Here is an elasticsearch query I’m using to aggregate data. The data is denormalized and is one “table” or document.
A document just has a dept_id, dept_name, sub_dept_id, sub_dept_name, item_id, item_name, location, week_date
Each dept will have about 104 million records max. Currently we have 3 depts.

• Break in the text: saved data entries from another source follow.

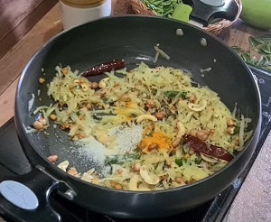 For tempering : oil, curry leaves, mustard seeds, chana dal, udad dal, hing, dry red chillies,green chillies, peanuts and cashew nuts.
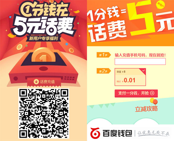 百度钱包新注册用户专享福利,只要支付1分钱(0.01元)就可以获得5元话费,支持中国移动、中国电信和中国联通的全国三网用户,赶紧来薅羊毛吧。
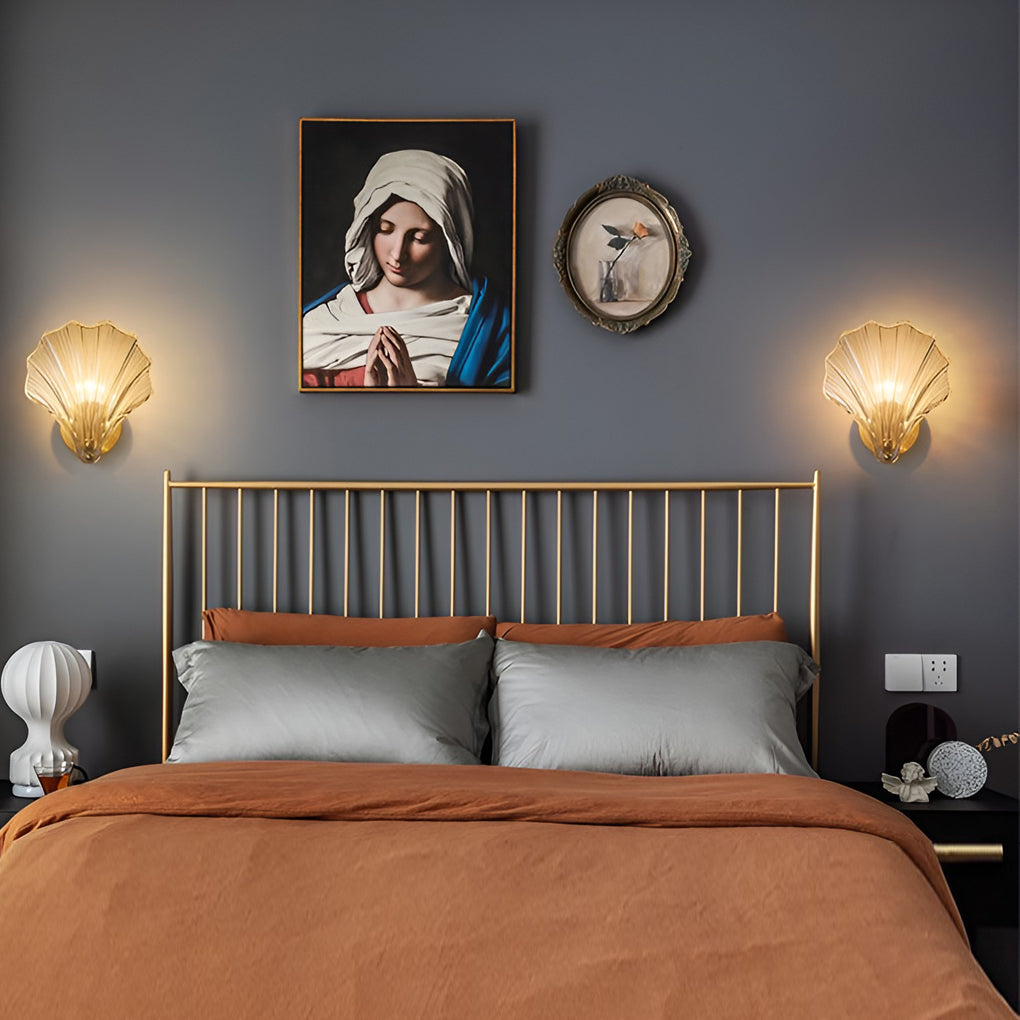 • Bring elegance and warmth to your interiors with the Creative Fan Shaped Glass Wall Sconce. Designed with a delicate glass shade and a brass body refined through multiple processes, this wall lamp combines durability with minimalist Nordic charm.
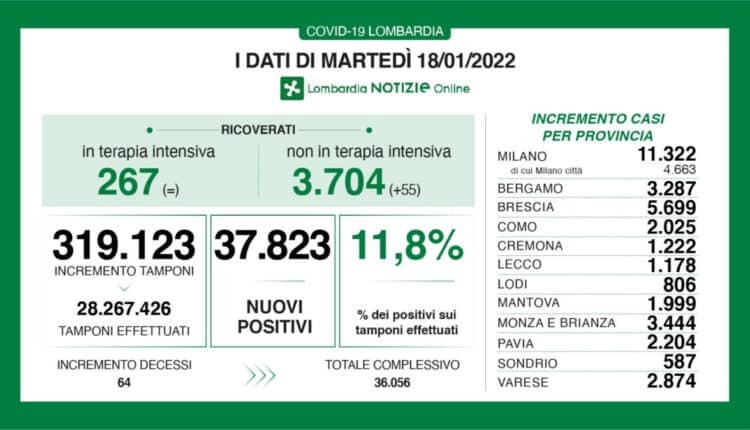 Lombardia, a fronte di 319.123 tamponi effettuati, sono 37.823 i nuovi positivi (11,8%).
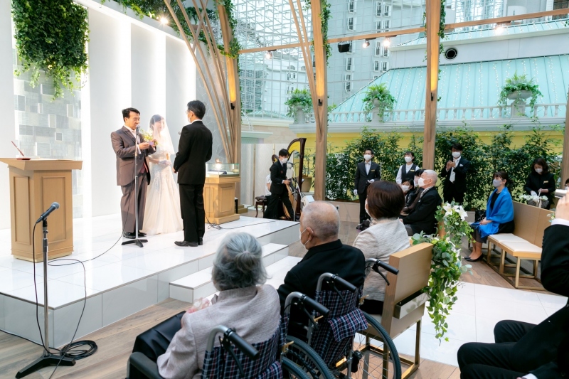 挙式直前、司会者の声掛けで皆さまが一斉にお手紙に目を通します。
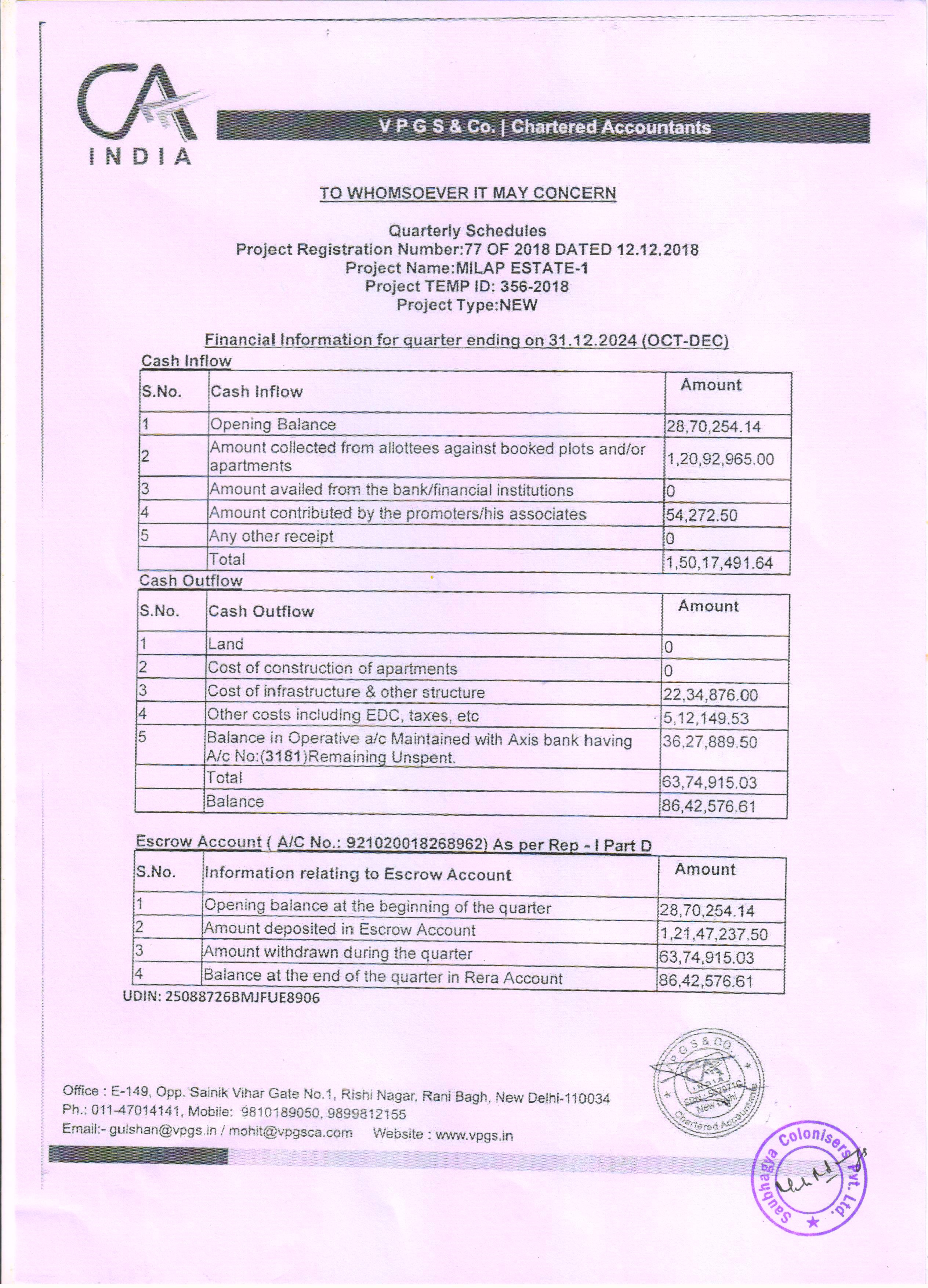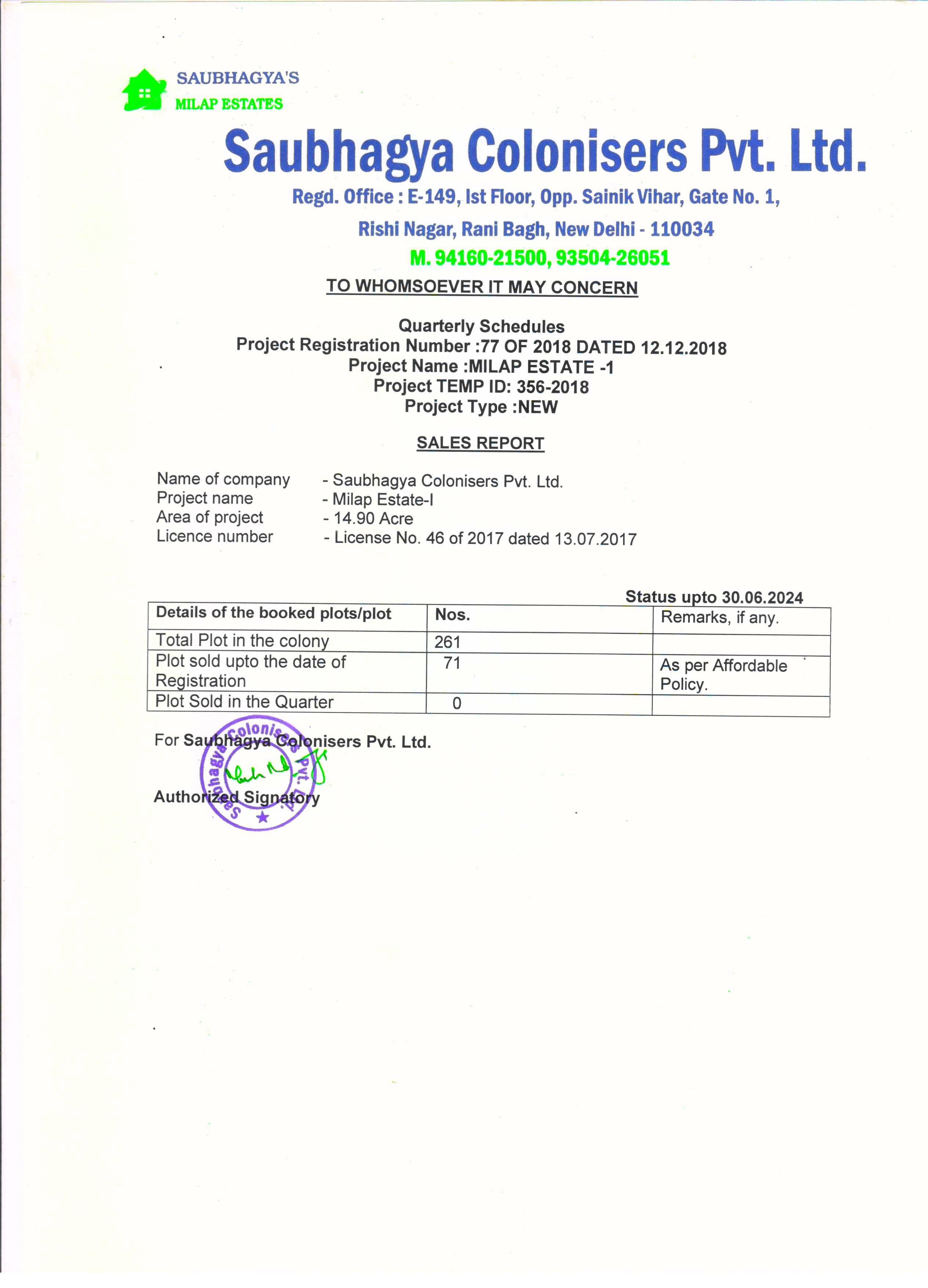 | 2 | Amount collected from allottees against booked plots and/or apartments | 0 |

We insert about 3 million documents weekly.
GET weekly_sales/_search
{
"size": 1,
"query": {
"bool": {
"filter": [
{
"range": {
"week_date": {
"format": "yyyy-MM-dd",
"gte": "2016-01-01",
"lte": "2017-02-21"
}
}
},
{
"term": {
"department_id": "4"
}
},
{
"term": {
"sub_dept_id": "20"
}
}
]
}
},
"aggs": {
"group_by_location": {
"terms": {
"size": 10000,
"field": "location"
},
"aggs": {
"group_by_item_id": {
"terms": {
"size": 10000,
"field": "item_id"
},
"aggs": {
"total_sales" :{
"sum": {
"field": "total_sales"
}
},
"agg_source": {
"top_hits": {
"size": 1,
"_source": {
"includes": ["department_id", "dept_name", "sub_dept_id", "sub_dept_name","item_id", "item_name", "location"]
}
}
}
}
}
}
}
}
}
My end result is to have something similar to(this is how elasticsearch returns data, couch might return something better or cleaner i hope):
{
"grouped_by_location": [
{
{
"location": 1,
"grouped_by_item_id: [
"item_id": 333
{
"dept_id":"1",
"dept_name":"dept1",
"sub_dept_id":"2",
"sub_dept_name":"subDeptName",
"item_name":"item333",
"total_sales_sum": 48584943
}
]
}
}
]
}